## ABOUT THIS EXERCISE:
A verbatim restatement of the data, free of pictures, is what you should output.

## EXERCISE INPUTS:
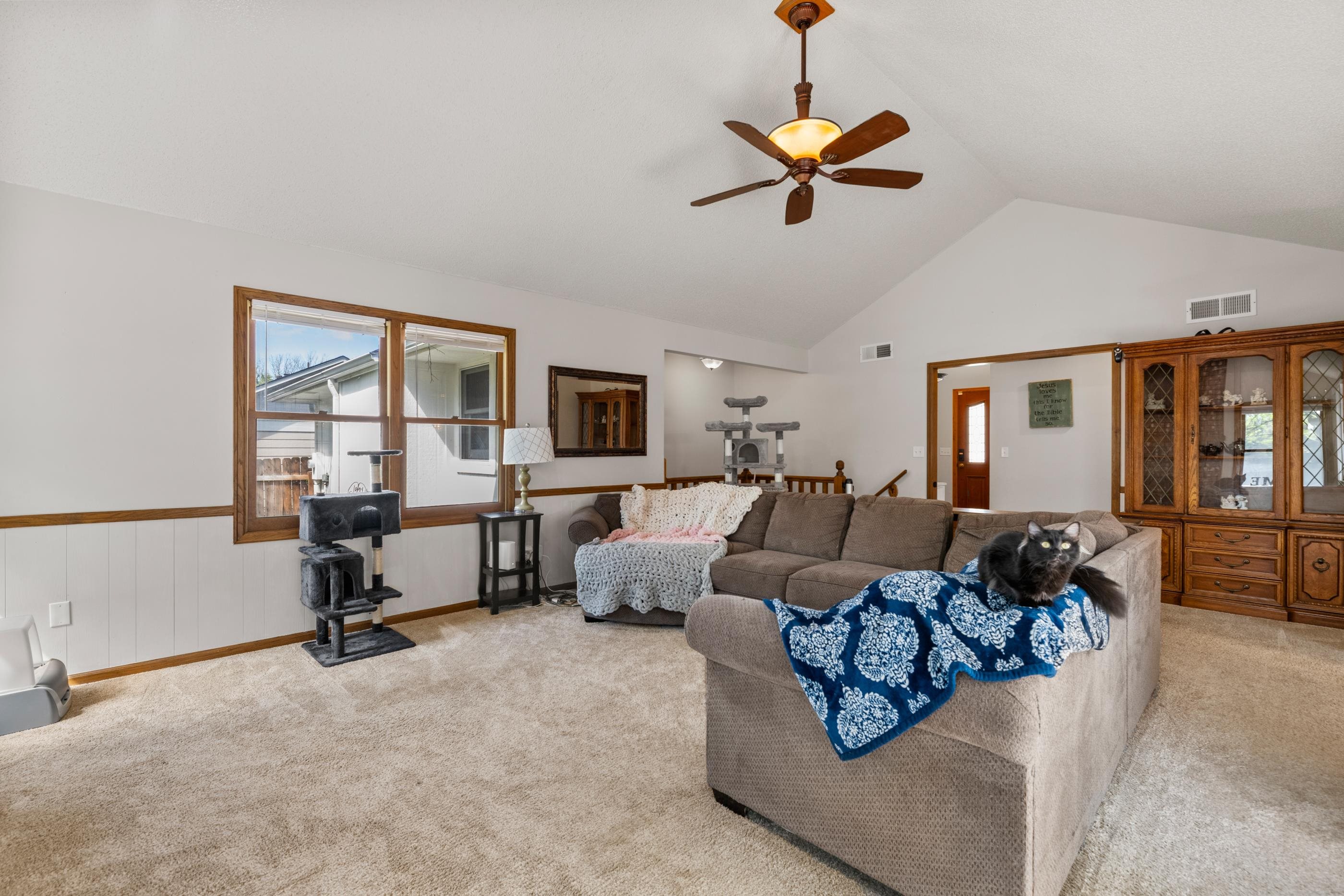 In the heart of Derby you'll find a ranch ready to make your own! At over 3,000 square feet of living area, featuring four bedrooms and three bathrooms, there will be plenty of space to meet you and your family's needs. The kitchen contains stainless steel appliances and the oven features bread proofing and air frying. There are two living rooms, one on each level, perfect for relaxing or entertaining guests. The downstairs recreation room has an abundance of space to enjoy a variety of activities. An office with built in bookshelves can also be found downstairs for a quiet work environment. Warm up during those cold days with, not one, but fireplaces. Step outside and you'll enjoy a patio and a yard big enough for gardening, yard games, and much more! As an added bonus, during the holiday season you'll find yourself surrounded by neighbors lighting up their homes for a festive feeling that will be sure to brighten your mood!
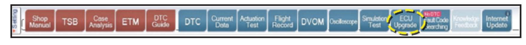 6. Once back at the GDS Main Screen, select ECM upgrade from the bottom right-hand corner. Next select Auto Mode, Engine.
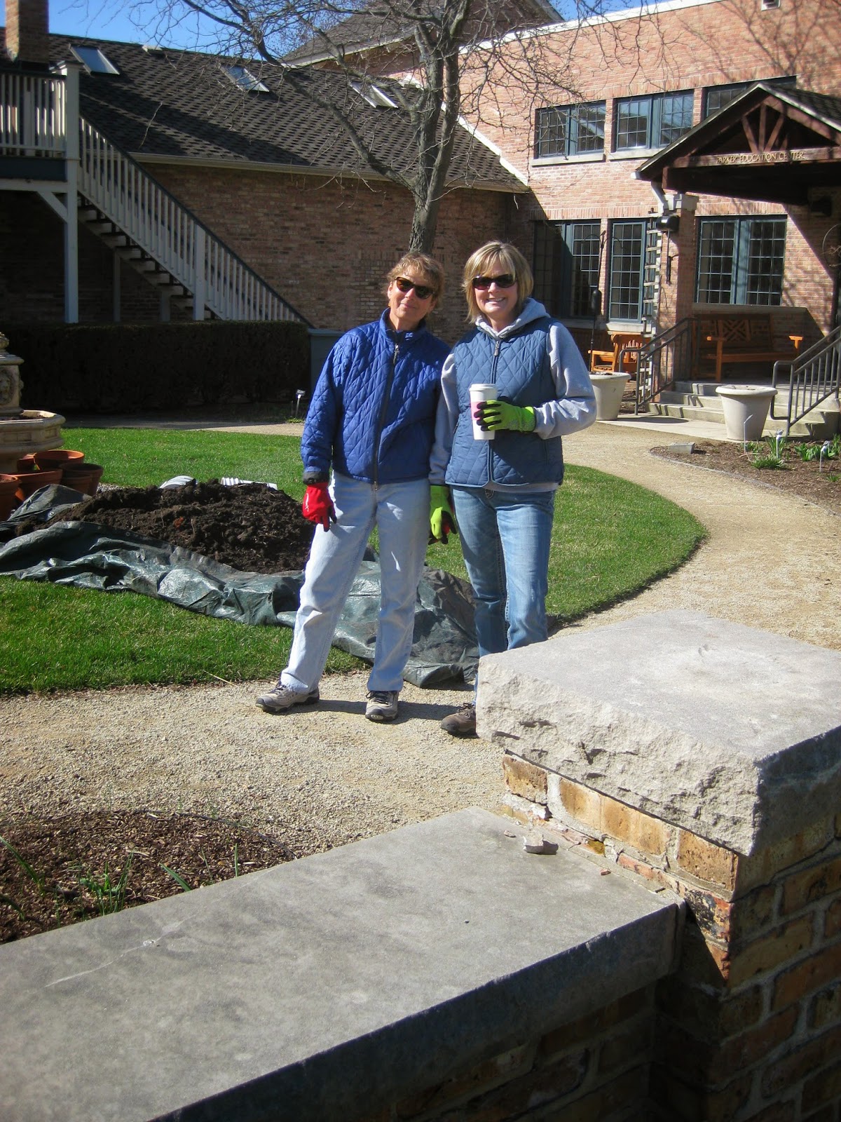 At one point this morning, we had twelve volunteers in action which is quite a few for a Tuesday morning. Above are Kathy (left) and Eva who have become a great team. The ladies continued to tidy up the reception garden and were very thorough in their approach! Kay was in for some major weeding in the Nancy Yahr Memorial Children's Garden and is engaged in a battle with some of our earliest weeds in that space (trust me when I say that Kay will be victorious!). Maury came in to run some errands and Bev D. helped with some office work. Dr. Gredler was out in the gardens for aeration and reseeding efforts for the gazebo garden lawn. We also saw Marsha M., Tom H., Kathy H. and many others. The photos below capture the remaining volunteers in action.
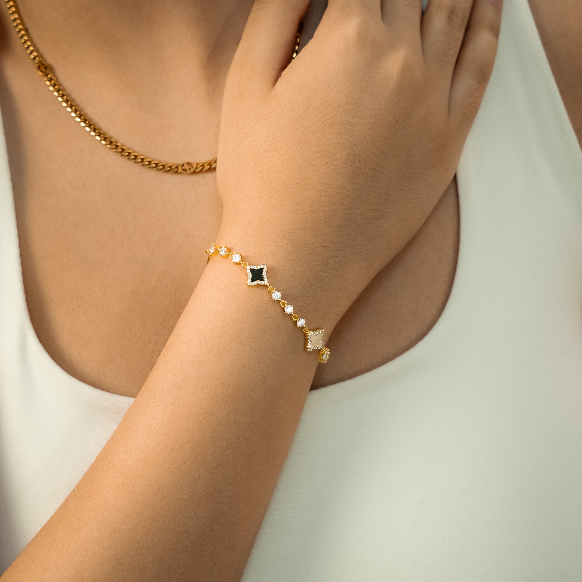 Discover our Flower Tennis Bracelet, an exquisite piece that combines the timeless elegance of the tennis bracelet and the delicacy of flowers. Each of the flowers, adorned with an imitation mother-of-pearl stone and measuring 8 mm thick, adds a touch of charm and sophistication to this 3 mm bracelet.
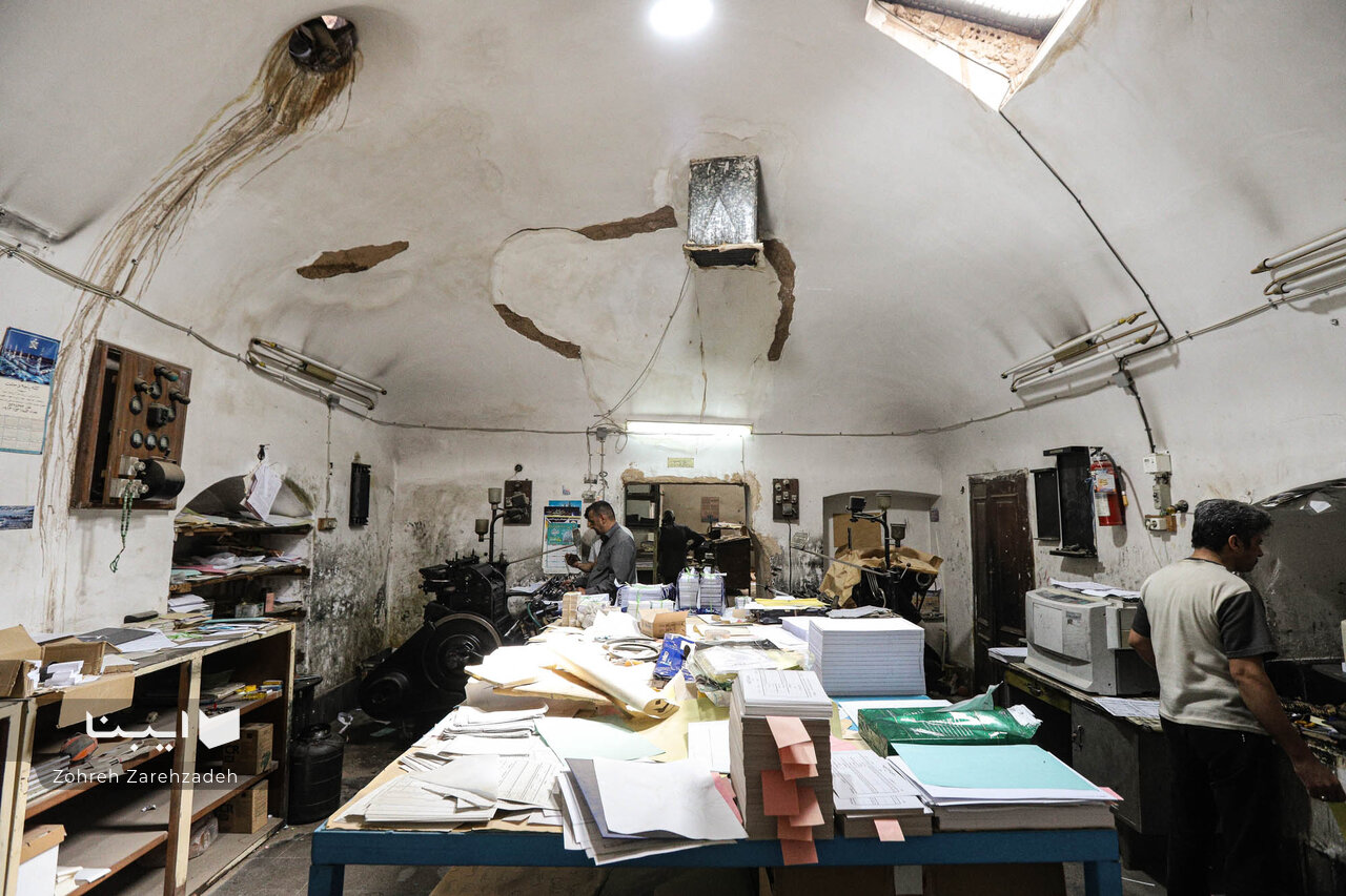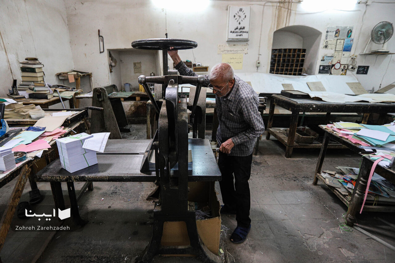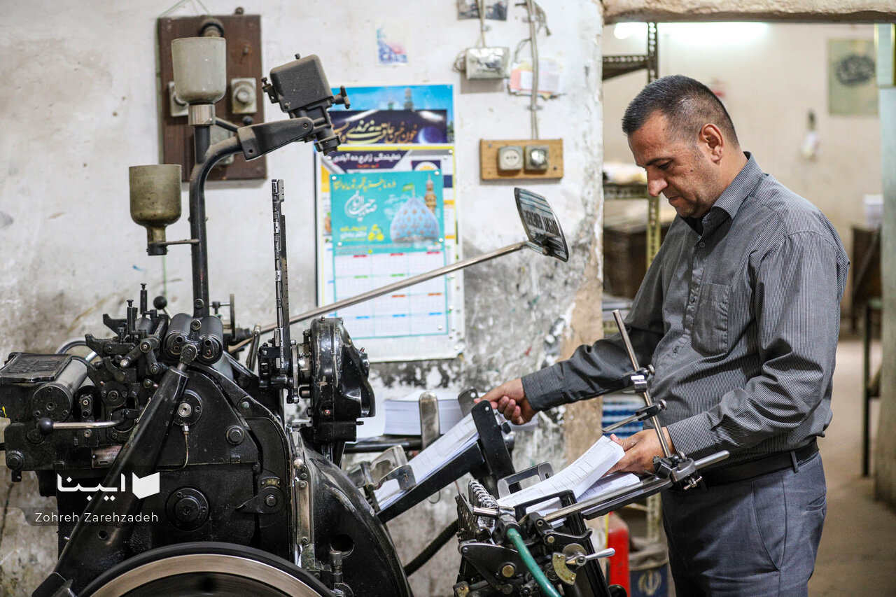 چاپخانه گلبهار در کوچهای بنبست به همین نام، نزدیک میدان امیرچخماق یزد قرار دارد؛ فضایی قدیمی با دستگاههای لیتوگرافی سنتی که هنوز فعال است. در حالیکه بیشتر چاپخانهها جای خود را به تکنولوژیهای دیجیتال دادهاند، گلبهار همچنان با بوی مرکب و صدای دستگاههای قدیمیاش یادآور دوران طلایی چاپ در یزد است. /عکاس:زهره زارع زاده
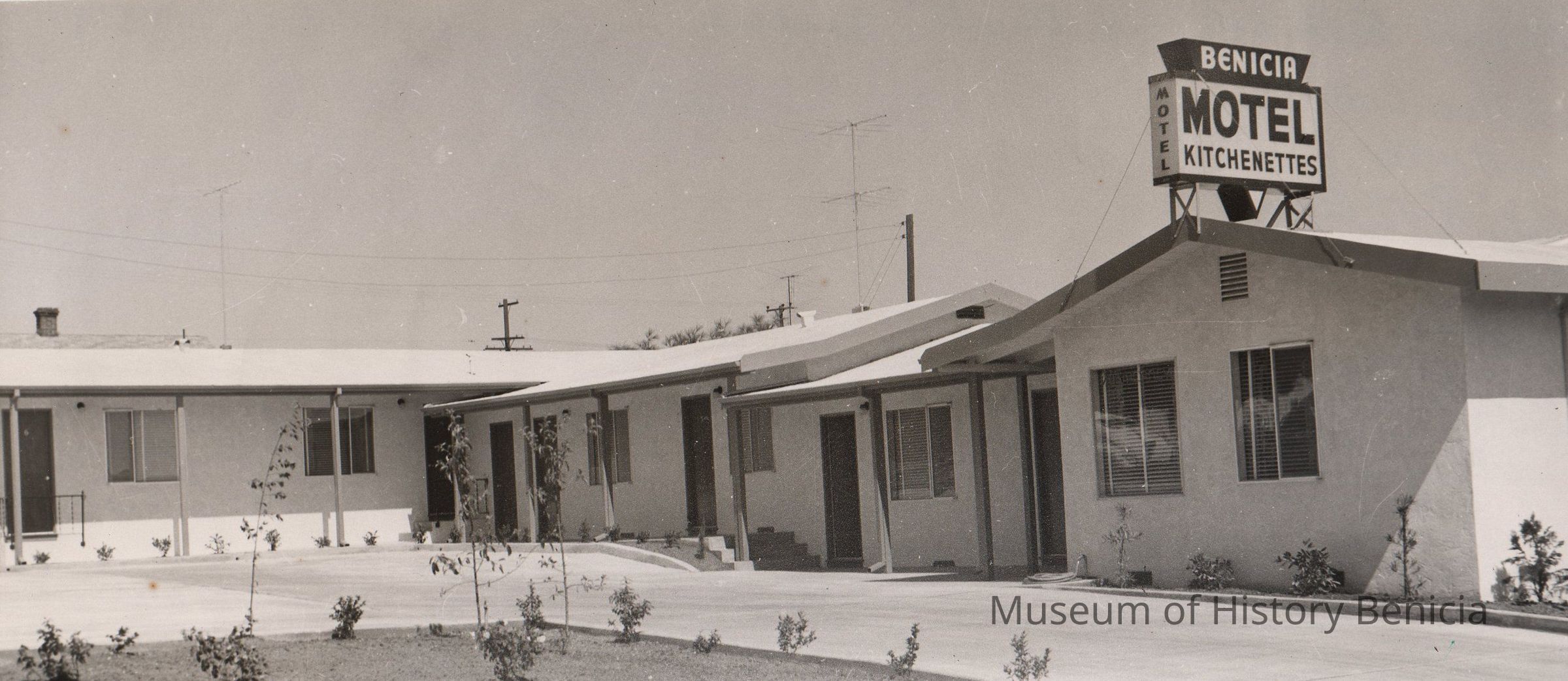 B/W Photograph: Benicia Motel at the corner of East Fifth and H Streets.

## TASK ANSWER:
 In the heart of Derby you'll find a ranch ready to make your own! At over 3,000 square feet of living area, featuring four bedrooms and three bathrooms, there will be plenty of space to meet you and your family's needs. The kitchen contains stainless steel appliances and the oven features bread proofing and air frying. There are two living rooms, one on each level, perfect for relaxing or entertaining guests. The downstairs recreation room has an abundance of space to enjoy a variety of activities. An office with built in bookshelves can also be found downstairs for a quiet work environment. Warm up during those cold days with, not one, but fireplaces. Step outside and you'll enjoy a patio and a yard big enough for gardening, yard games, and much more! As an added bonus, during the holiday season you'll find yourself surrounded by neighbors lighting up their homes for a festive feeling that will be sure to brighten your mood!
 6. Once back at the GDS Main Screen, select ECM upgrade from the bottom right-hand corner. Next select Auto Mode, Engine.
 At one point this morning, we had twelve volunteers in action which is quite a few for a Tuesday morning. Above are Kathy (left) and Eva who have become a great team. The ladies continued to tidy up the reception garden and were very thorough in their approach! Kay was in for some major weeding in the Nancy Yahr Memorial Children's Garden and is engaged in a battle with some of our earliest weeds in that space (trust me when I say that Kay will be victorious!). Maury came in to run some errands and Bev D. helped with some office work. Dr. Gredler was out in the gardens for aeration and reseeding efforts for the gazebo garden lawn. We also saw Marsha M., Tom H., Kathy H. and many others. The photos below capture the remaining volunteers in action.
 Discover our Flower Tennis Bracelet, an exquisite piece that combines the timeless elegance of the tennis bracelet and the delicacy of flowers. Each of the flowers, adorned with an imitation mother-of-pearl stone and measuring 8 mm thick, adds a touch of charm and sophistication to this 3 mm bracelet.
 چاپخانه گلبهار در کوچهای بنبست به همین نام، نزدیک میدان امیرچخماق یزد قرار دارد؛ فضایی قدیمی با دستگاههای لیتوگرافی سنتی که هنوز فعال است. در حالیکه بیشتر چاپخانهها جای خود را به تکنولوژیهای دیجیتال دادهاند، گلبهار همچنان با بوی مرکب و صدای دستگاههای قدیمیاش یادآور دوران طلایی چاپ در یزد است. /عکاس:زهره زارع زاده
 B/W Photograph: Benicia Motel at the corner of East Fifth and H Streets.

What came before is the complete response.